Task requirements:
All lines below starting at the one that holds "Veiligheid staat voorop!" and ending at the one that holds "يقال: عنست المرأة،" should be printed exactly, ends included. Pictures should not be printed, nor anything else.

Material shown:
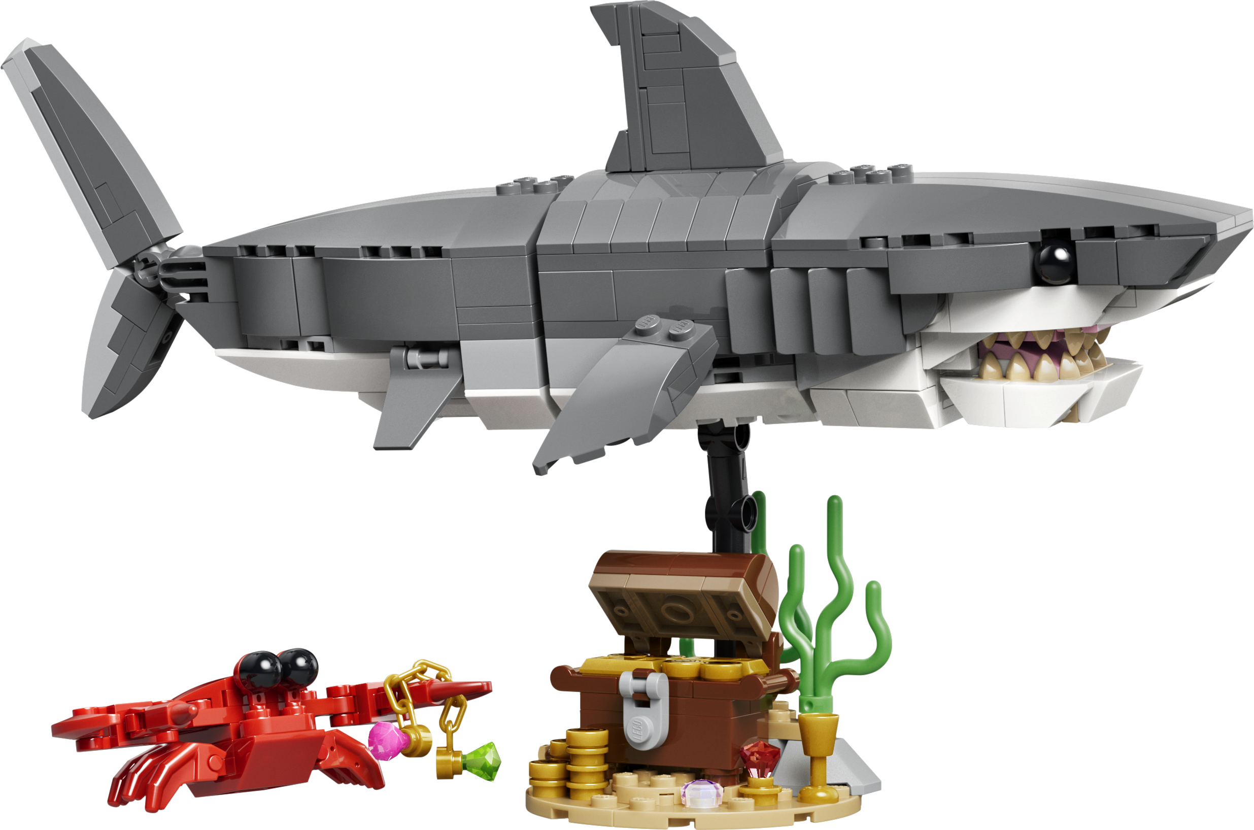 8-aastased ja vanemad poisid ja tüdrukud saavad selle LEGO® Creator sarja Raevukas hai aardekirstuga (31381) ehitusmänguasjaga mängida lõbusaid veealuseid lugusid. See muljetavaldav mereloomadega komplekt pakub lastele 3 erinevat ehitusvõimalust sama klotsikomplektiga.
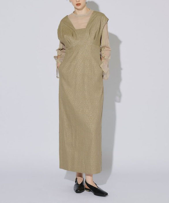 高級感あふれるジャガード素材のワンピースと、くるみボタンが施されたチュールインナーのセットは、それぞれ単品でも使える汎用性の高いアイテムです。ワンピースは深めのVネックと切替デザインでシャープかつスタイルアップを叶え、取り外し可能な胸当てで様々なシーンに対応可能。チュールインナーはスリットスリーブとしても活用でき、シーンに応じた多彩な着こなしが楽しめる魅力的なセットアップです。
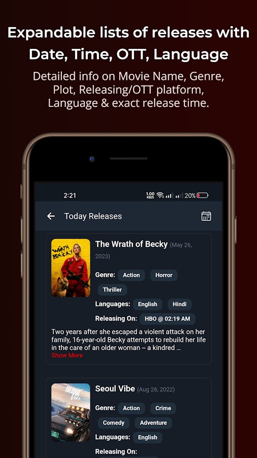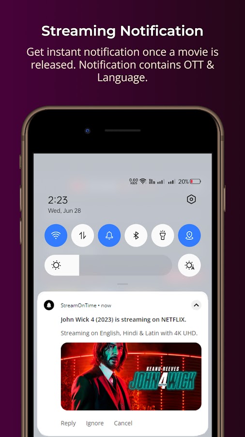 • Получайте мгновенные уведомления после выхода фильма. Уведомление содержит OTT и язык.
==
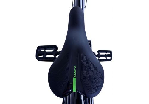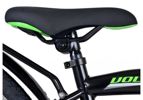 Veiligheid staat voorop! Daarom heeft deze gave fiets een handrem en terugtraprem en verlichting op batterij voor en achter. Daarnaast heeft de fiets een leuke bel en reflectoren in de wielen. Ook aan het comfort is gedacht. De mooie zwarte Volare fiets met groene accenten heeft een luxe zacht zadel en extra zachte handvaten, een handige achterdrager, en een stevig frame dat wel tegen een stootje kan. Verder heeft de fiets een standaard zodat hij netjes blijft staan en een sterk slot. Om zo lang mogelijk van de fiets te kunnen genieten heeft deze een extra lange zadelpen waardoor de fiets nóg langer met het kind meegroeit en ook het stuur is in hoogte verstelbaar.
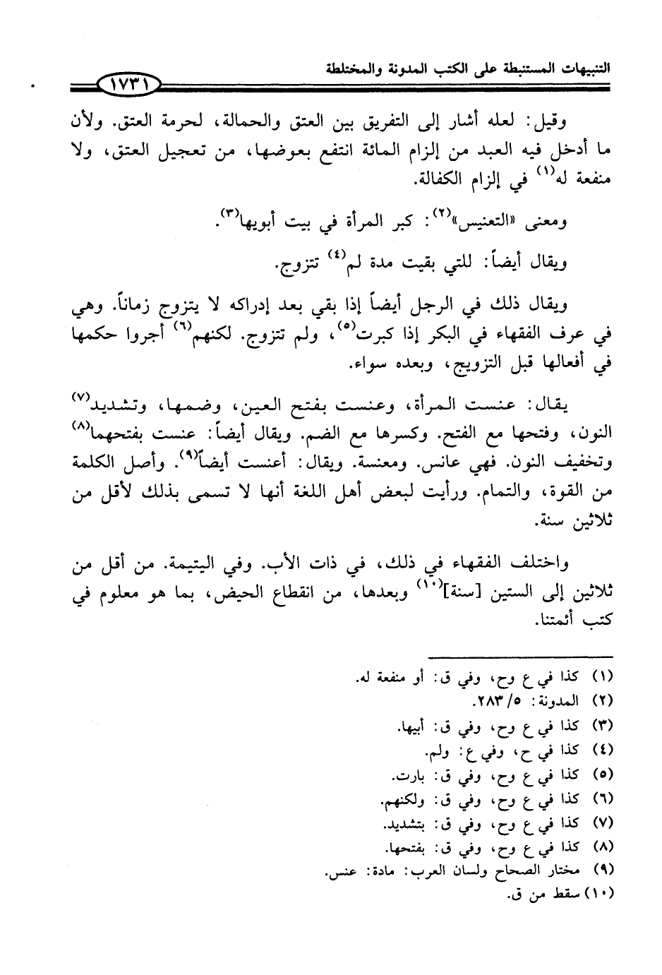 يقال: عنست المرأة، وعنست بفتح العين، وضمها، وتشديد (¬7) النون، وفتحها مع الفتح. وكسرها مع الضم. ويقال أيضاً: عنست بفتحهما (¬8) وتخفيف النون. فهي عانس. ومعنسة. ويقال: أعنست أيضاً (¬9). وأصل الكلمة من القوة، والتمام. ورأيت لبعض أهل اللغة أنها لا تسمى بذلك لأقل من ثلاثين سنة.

Reply:
 Veiligheid staat voorop! Daarom heeft deze gave fiets een handrem en terugtraprem en verlichting op batterij voor en achter. Daarnaast heeft de fiets een leuke bel en reflectoren in de wielen. Ook aan het comfort is gedacht. De mooie zwarte Volare fiets met groene accenten heeft een luxe zacht zadel en extra zachte handvaten, een handige achterdrager, en een stevig frame dat wel tegen een stootje kan. Verder heeft de fiets een standaard zodat hij netjes blijft staan en een sterk slot. Om zo lang mogelijk van de fiets te kunnen genieten heeft deze een extra lange zadelpen waardoor de fiets nóg langer met het kind meegroeit en ook het stuur is in hoogte verstelbaar.
 يقال: عنست المرأة، وعنست بفتح العين، وضمها، وتشديد (¬7) النون، وفتحها مع الفتح. وكسرها مع الضم. ويقال أيضاً: عنست بفتحهما (¬8) وتخفيف النون. فهي عانس. ومعنسة. ويقال: أعنست أيضاً (¬9). وأصل الكلمة من القوة، والتمام. ورأيت لبعض أهل اللغة أنها لا تسمى بذلك لأقل من ثلاثين سنة.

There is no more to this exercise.